Source records:
+++

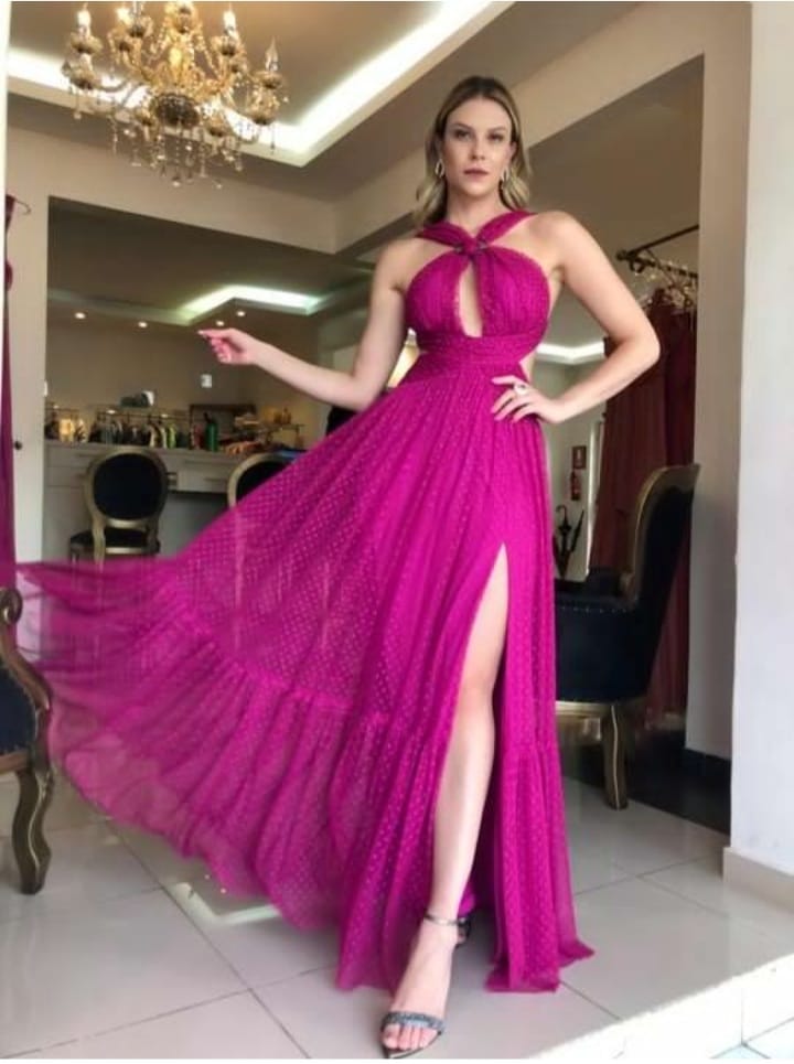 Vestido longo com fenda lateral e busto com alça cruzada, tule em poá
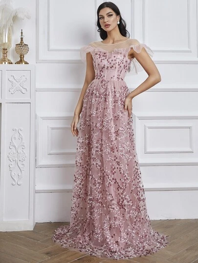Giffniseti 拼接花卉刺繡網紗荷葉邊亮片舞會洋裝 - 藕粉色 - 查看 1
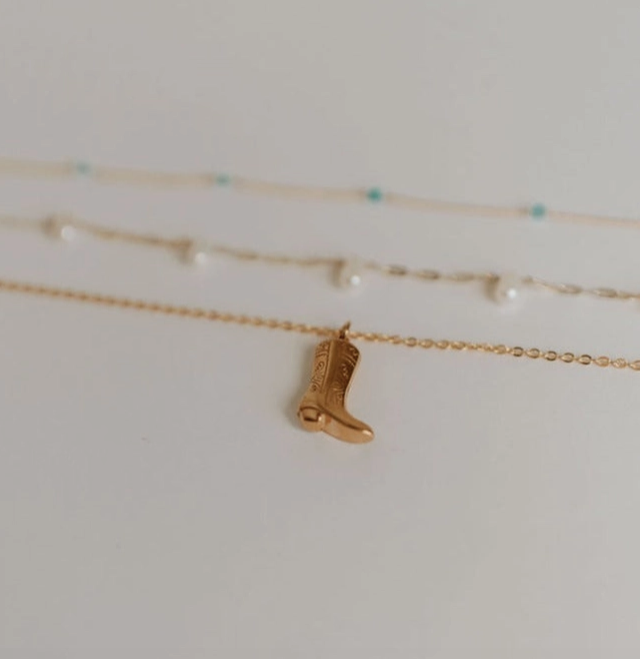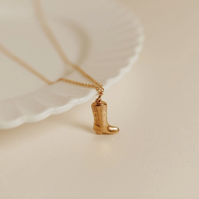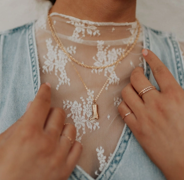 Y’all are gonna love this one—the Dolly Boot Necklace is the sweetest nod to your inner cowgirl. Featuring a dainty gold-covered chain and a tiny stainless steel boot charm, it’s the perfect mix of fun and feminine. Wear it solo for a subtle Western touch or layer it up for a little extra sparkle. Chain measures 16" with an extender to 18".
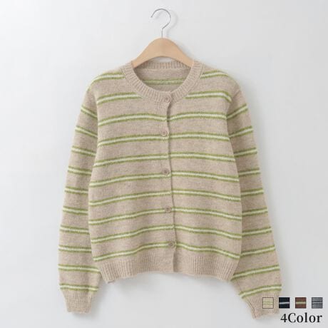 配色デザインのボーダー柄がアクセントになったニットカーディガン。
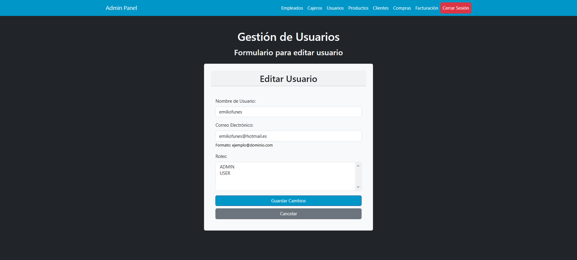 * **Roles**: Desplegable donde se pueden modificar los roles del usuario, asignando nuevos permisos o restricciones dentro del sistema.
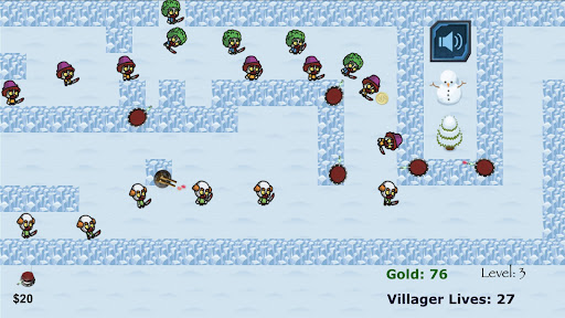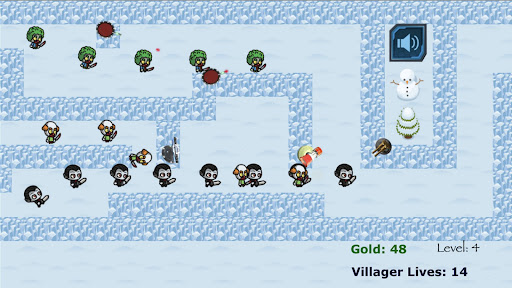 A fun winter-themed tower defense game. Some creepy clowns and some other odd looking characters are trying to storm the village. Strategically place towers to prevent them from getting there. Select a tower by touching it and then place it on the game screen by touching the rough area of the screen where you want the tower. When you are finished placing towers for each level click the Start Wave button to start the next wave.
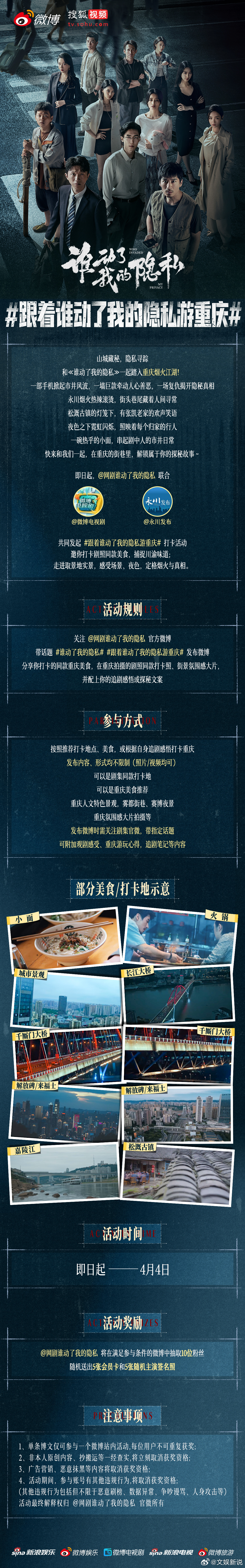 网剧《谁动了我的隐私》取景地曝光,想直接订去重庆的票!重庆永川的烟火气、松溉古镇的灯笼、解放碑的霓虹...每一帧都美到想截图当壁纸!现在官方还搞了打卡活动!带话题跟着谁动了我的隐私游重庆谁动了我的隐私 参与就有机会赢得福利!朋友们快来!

+++

#### [What is required]
Please output exactly the lines of the data above, from its first line through the line with "Giffniseti 拼接花卉刺繡網紗荷葉邊亮片舞會洋裝 - 藕粉色 - 查看 1", and nothing else; drop the pictures.

#### [Written reply]
 Vestido longo com fenda lateral e busto com alça cruzada, tule em poá
Giffniseti 拼接花卉刺繡網紗荷葉邊亮片舞會洋裝 - 藕粉色 - 查看 1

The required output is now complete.